Rail-tax collections up 26%, to $12.9M
By Sean Hao
Advertiser Staff Writer
Tax collections to pay for Honolulu's planned elevated commuter train rose 26 percent to $12.9 million in January, compared with a year ago, according to state figures.
Despite that gain, collections are still on track to be less than an expected $188 million in tax collections for the current fiscal year ending June 30.
Through January, the half-percentage-point excise tax surcharge raised nearly $109 million, which was slightly larger than the $107 million raised during the first seven months of fiscal 2008.
The state began collecting a half-percentage point general excise tax surcharge for transit in January 2007. Through January 2009, the tax raised about $307 million for the city, according to state Department of Taxation figures.
City officials hope to use the tax to raise nearly $4.1 billion, on an inflation-adjusted basis, between 2007 and 2023 to pay for the 20-mile rail system that will connect East Kapolei to Ala Moana.
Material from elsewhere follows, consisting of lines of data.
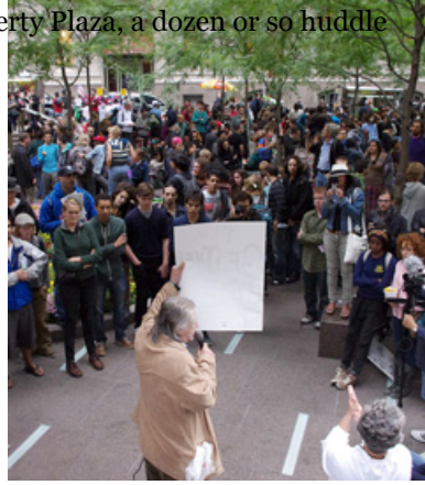
#OccupyWallStreet protesters gathering in New York's financial district on September 17, 2011.

At the center of occupied Liberty Plaza, a dozen or so huddle around computers in the media area, managing a makeshift Internet hotspot, a humming generator and the (theoretically) 24-hour livestream . They can edit and post videos of arrests in no time flat, then bombard Twitter until they're viral. But for those looking to understand even the basic facts about what is actually going on - before September 17 and since - the Internet has been as much a source of confusion as it is anything else.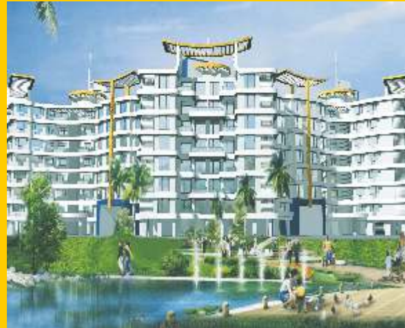
SAPPHIRE PARK Park Street, Pune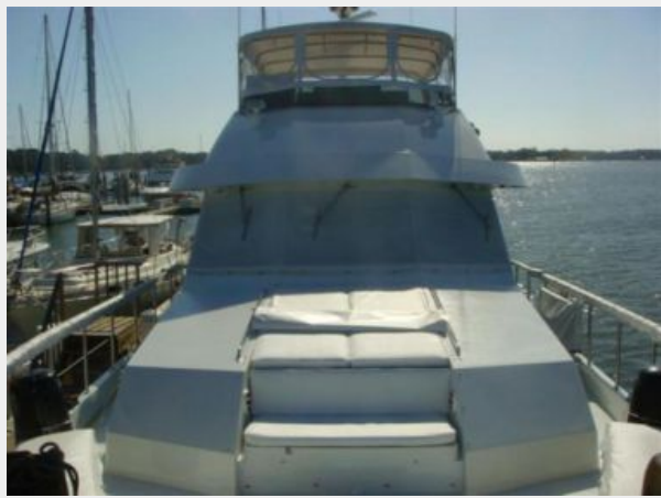
70' Hatteras Motoryacht foredeck aft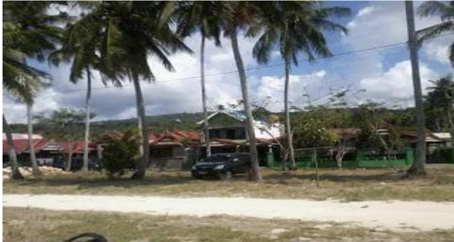
Figure 5. Picture One of the behavior of the community and visitors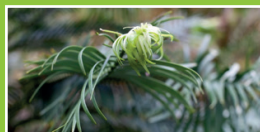
THE WOLLEMI PINE Australian garden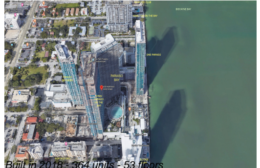
Built in 2018 - 364 units - 53 floors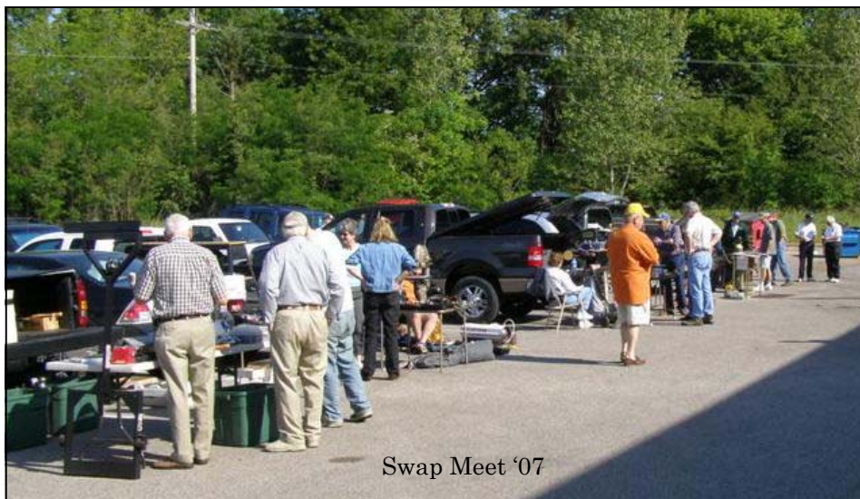
Swap Meet '07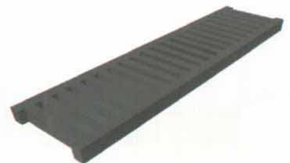
Trench Grates (Ductile or Gray Iron)

We can also produce to your special requirements !

That, coupled with about $1.4 billion in anticipated federal funds, is expected to pay the $5.4 billion in capital costs associated with rail, according to the city's financial plan.
Despite the rise in collections in January, transit-tax collections overall remain below projections because of the state's slowing economy.
The city needs to collect an average of about $15.8 million a month for the remaining five months of the fiscal year to reach its $188 million goal. The average monthly take during the first seven months of the fiscal year was about $13.6 million.
The city hopes to begin construction in December, contingent on federal approval, and launch service between 2013 and 2019.